Official Vendor & Library Servers

MinerU MCP (OpenDataLab) — Highest PulseMCP Traffic

Detail Info
opendatalab/MinerU ~61,700 stars
License Apache-2.0 (relicensed from AGPLv3 in April 2026)
Language Python / TypeScript / Go SDKs
Formats PDF, DOCX, PPTX, XLSX → Markdown, JSON, HTML, LaTeX
PulseMCP weekly ~1,200 (highest in OCR category)

MinerU arrived on PulseMCP on March 18, 2026 — one day before the original version of this review was published — and has since become the most-visited OCR/document intelligence MCP server in the directory. The parent library’s 61,700 stars make it the second most-starred OCR-adjacent project after PaddleOCR, and it focuses specifically on high-fidelity document-to-Markdown conversion at a level of accuracy that rivals commercial services.

What Works Well

Breadth of input formats. PDF, DOCX, PPTX, and XLSX all convert natively to Markdown, JSON, or HTML. Native DOCX/PPTX/XLSX support was added in v3.0.0 (March 29) and v3.1.0 (April 17). Prior versions handled PDFs only.

Multiple inference backends. MinerU supports three modes — pipeline (lightweight), hybrid-engine (balanced), vlm-engine (highest accuracy). The VLM engine uses MinerU2.5-Pro-2604-1.2B, which achieved 86.2% on OmniDocBench v1.5 (v3.0.0). Formula preservation (LaTeX output), chart handling, and table extraction are all addressed in dedicated pipeline stages.

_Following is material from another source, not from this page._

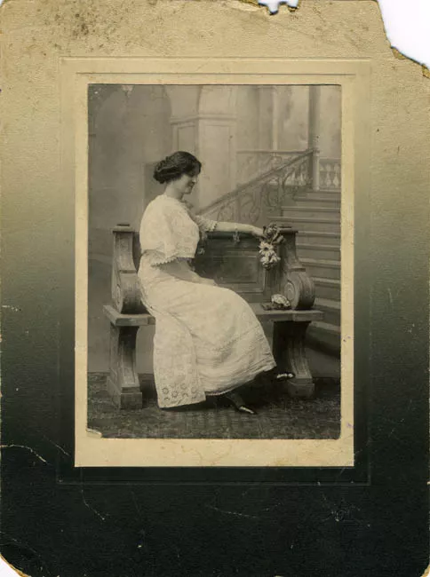 Retrato fotográfico de estudio montado sobre cartón, de mujer no ident...

Multiple deployment options. CLI, REST API, Docker, Gradio WebUI, and official SDKs for Python, Go, and TypeScript. This is infrastructure designed for production document processing, not just a weekend wrapper.

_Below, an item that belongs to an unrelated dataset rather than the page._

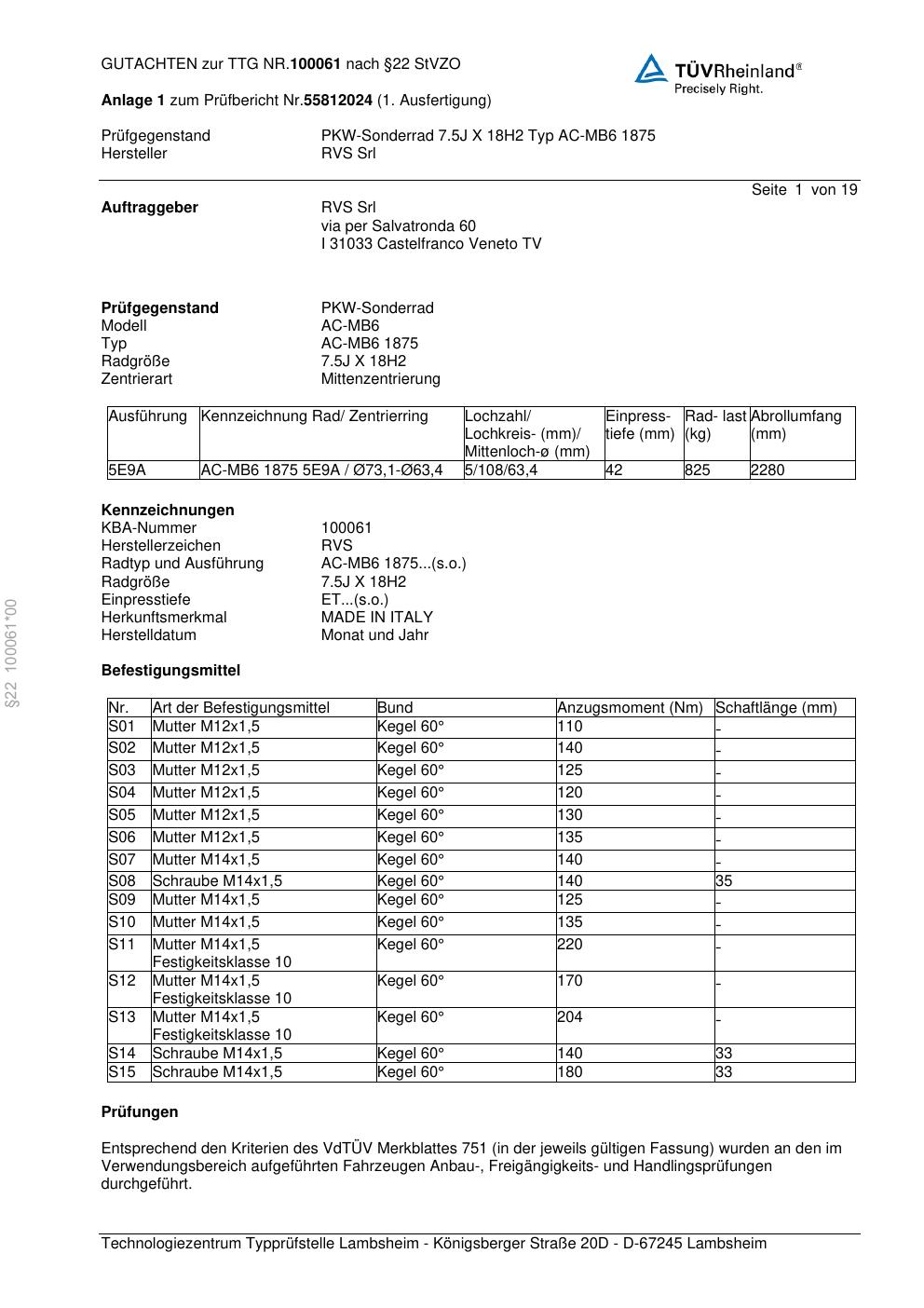 teilegutachten 100061 RVS AC-MB6 1875

Fast iteration. Seven releases between March 29 and April 28 (v3.0.0 through v3.1.6), covering AMD/Ascend NPU support, timeout handling, DOCX/PPTX chart fixes, and office document bugs. The April relicensing from AGPLv3 to Apache 2.0 removes a significant license friction point.

What Doesn’t Work Well

Heavy infrastructure. MinerU is not a lightweight tool. The VLM engine downloads a 1.2B-parameter model. The REST API deployment via Docker is the most practical MCP integration path.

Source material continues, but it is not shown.